Let $E$ be a normed vector space, and $F: \mathbb{R} \to (-\infty, \infty]$ be a convex l.s.c. function such that $F(0) = 0$ and $F(t)\ge 0, \forall t\in \mathbb{R}$. Set $\varphi(x) = F(||x||)$.

Prove that $\varphi$ is convex, l.s.c. and that $\varphi^*(f) = F^*(||f||)$.

I'm stuck at the part proving $\varphi^*(f) = F^*(||f||)$. More specifically, I don't know how to prove $$\sup_{x\in E} (f(x) - \varphi(x)) = \sup_{y\ge 0} (||f||y - F(y)).$$ Thank you very much for any hint or solution.

Answer 1

Since $f(x) \le \|f\|\cdot \|x\|$, the inequality "$\le$" follows.

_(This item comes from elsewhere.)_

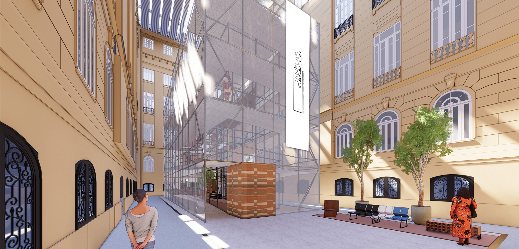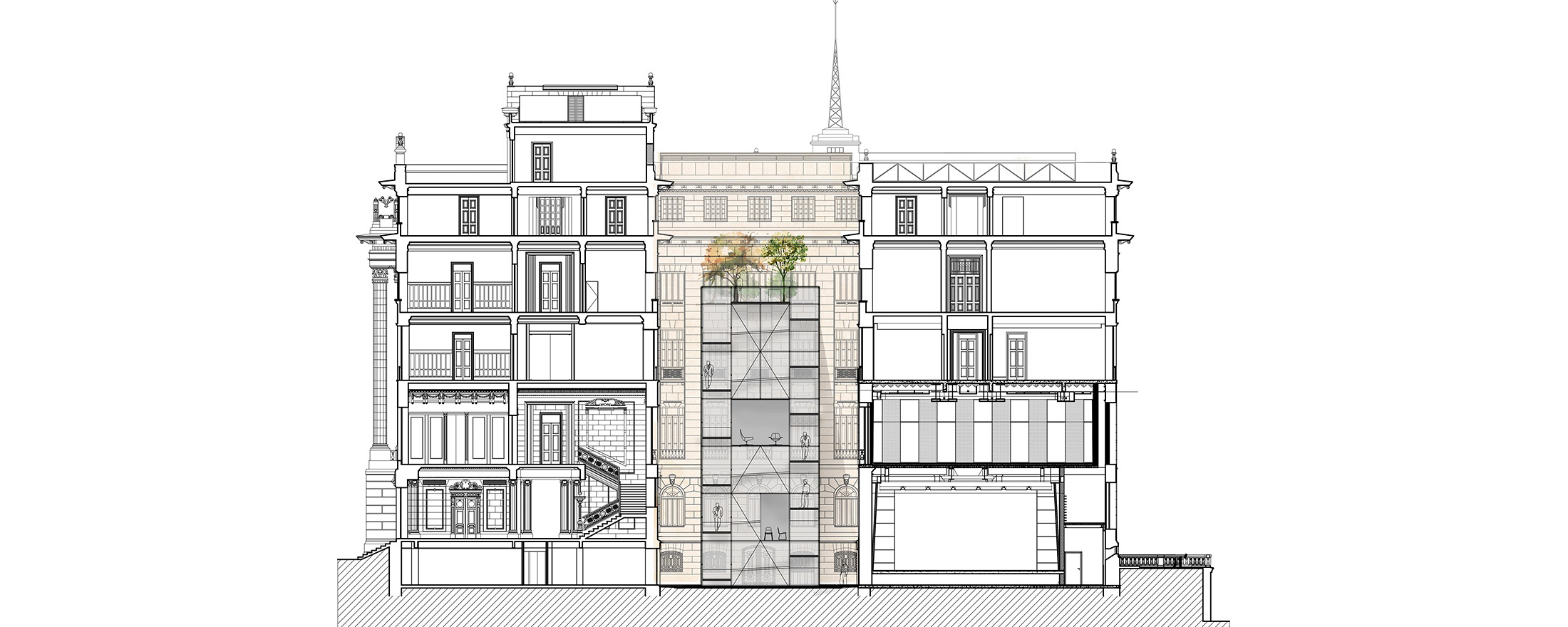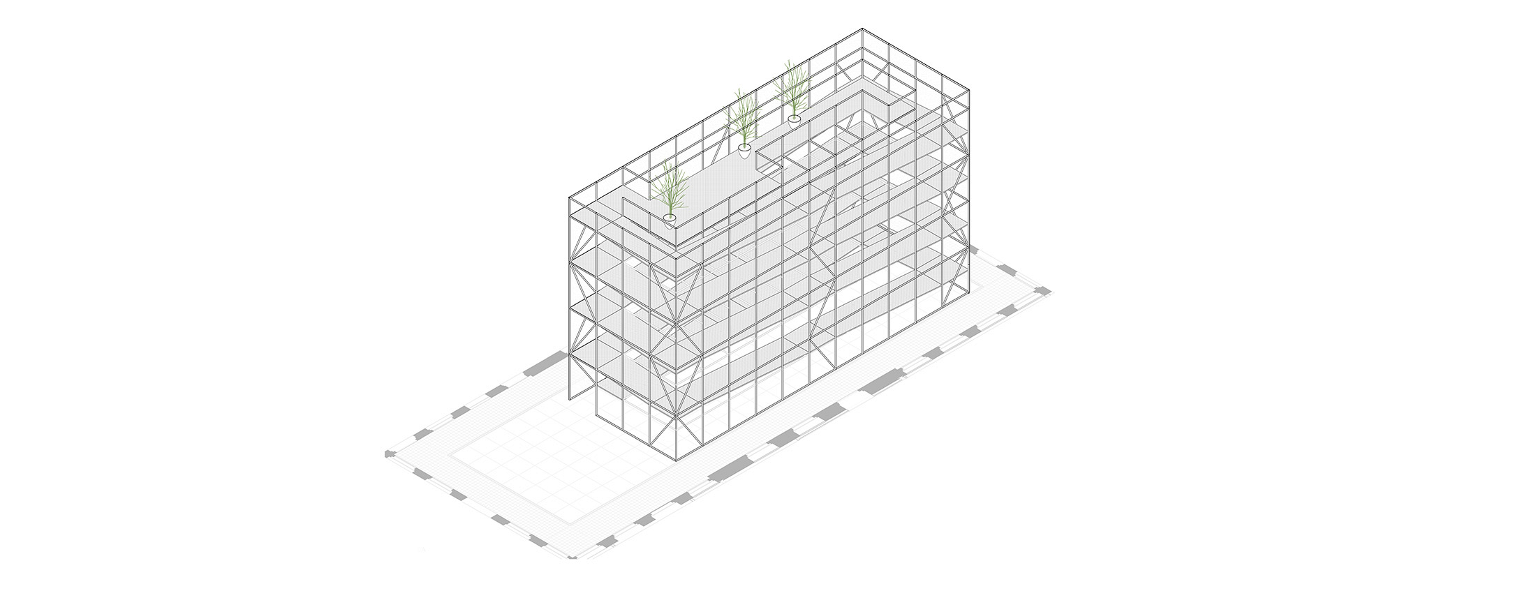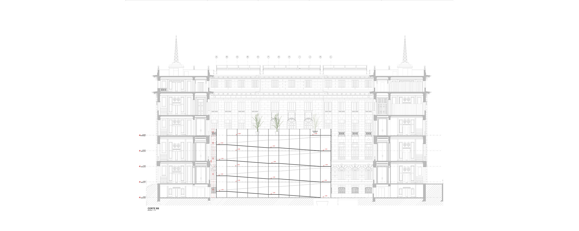 Belo Horizonte, MG, Brasil 2020O projeto se fundamenta nas propostas radicais de arquitetura de vanguarda das décadas de 1950 e 1960 — notadamente as visões de Yona Friedman, Cedric Price e Buckminster Fuller — que idealizavam soluções de velocidade, leveza e flexibilidade como resposta aos desafios urbanos e sociais. Em um cenário global cada vez mais volátil, esses conceitos se mostram cruciais para a arquitetura contemporânea. Neste contexto, propomos a inserção de um pavilhão no vazio central do edifício histórico do CCBB. A estrutura atua como um dispositivo espacial dinâmico, concebido para gerar experiências inesperadas e visadas surpreendentes do pátio interno. O ponto culminante da ascensão é uma praça suspensa que se abre totalmente, integrando a cobertura zenital e, metaforicamente, trazendo o céu para dentro do coração do CCBB.

Take $\epsilon>0$. Then there is $x_\epsilon$ with $\|x_\epsilon\|=1$ and $f(x) \ge \|f\|-\epsilon$. Then for $t>0$ $$ \sup_{x\in E}(f(x)-\phi(x))\ge f(tx_\epsilon) - \phi(t) \ge t (\|f\|-\epsilon) - \phi(t). $$ This holds for all $\epsilon>0$, hence $$\sup_{x\in E}(f(x)-\phi(x))\ge t \|f\| - \phi(t). $$ Taking the supremum over $t>0$ on the right hand side yields the claim.